[INFORMATION PROVIDED Boundary: Start]
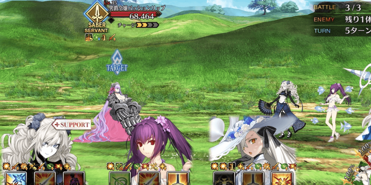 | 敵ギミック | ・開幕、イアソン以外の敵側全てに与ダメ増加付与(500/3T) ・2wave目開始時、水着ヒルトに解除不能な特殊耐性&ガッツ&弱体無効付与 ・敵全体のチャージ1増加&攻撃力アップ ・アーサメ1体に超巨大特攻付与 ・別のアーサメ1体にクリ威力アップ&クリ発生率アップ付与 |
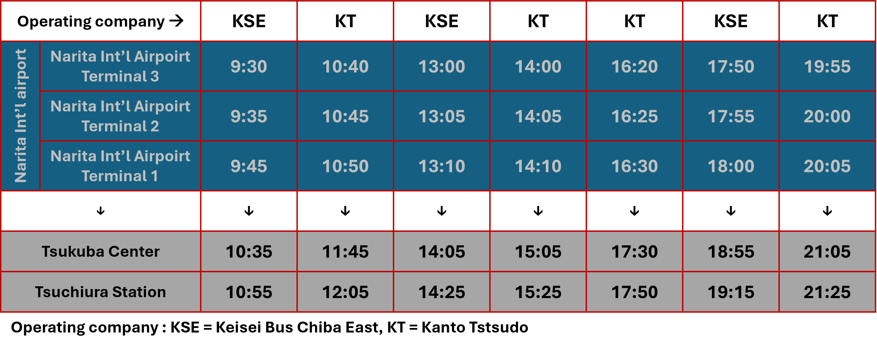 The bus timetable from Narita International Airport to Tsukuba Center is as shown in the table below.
[INFORMATION PROVIDED Boundary: End]
[INFORMATION PROVIDED Boundary: Start]
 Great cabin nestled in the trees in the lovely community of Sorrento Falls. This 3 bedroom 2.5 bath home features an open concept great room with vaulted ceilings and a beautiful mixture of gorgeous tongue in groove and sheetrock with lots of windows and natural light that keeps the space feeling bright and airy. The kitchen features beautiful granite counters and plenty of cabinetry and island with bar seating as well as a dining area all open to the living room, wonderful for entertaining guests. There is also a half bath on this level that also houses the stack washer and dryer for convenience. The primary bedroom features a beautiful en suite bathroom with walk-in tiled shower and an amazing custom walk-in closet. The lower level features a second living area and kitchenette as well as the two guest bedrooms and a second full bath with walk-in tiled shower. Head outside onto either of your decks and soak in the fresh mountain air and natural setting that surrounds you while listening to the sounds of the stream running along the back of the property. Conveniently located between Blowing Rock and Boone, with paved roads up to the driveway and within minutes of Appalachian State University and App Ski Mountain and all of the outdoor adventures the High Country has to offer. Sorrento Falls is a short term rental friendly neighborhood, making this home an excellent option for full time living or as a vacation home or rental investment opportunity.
[INFORMATION PROVIDED Boundary: End]
[INFORMATION PROVIDED Boundary: Start]
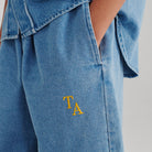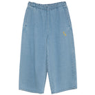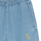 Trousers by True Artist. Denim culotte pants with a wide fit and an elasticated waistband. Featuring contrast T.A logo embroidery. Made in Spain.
[INFORMATION PROVIDED Boundary: End]
**WHAT TO PRODUCE:** Pictures do not belong in the answer. Return the lines above starting at the one with "敵ギミック | ・開幕、イアソン以外の敵側全てに与ダメ増加付与(500/3T)" and ending at the one with "The bus timetable", both kept, exactly.

**YOUR SOLUTION:**
 | 敵ギミック | ・開幕、イアソン以外の敵側全てに与ダメ増加付与(500/3T) ・2wave目開始時、水着ヒルトに解除不能な特殊耐性&ガッツ&弱体無効付与 ・敵全体のチャージ1増加&攻撃力アップ ・アーサメ1体に超巨大特攻付与 ・別のアーサメ1体にクリ威力アップ&クリ発生率アップ付与 |
 The bus timetable from Narita International Airport to Tsukuba Center is as shown in the table below.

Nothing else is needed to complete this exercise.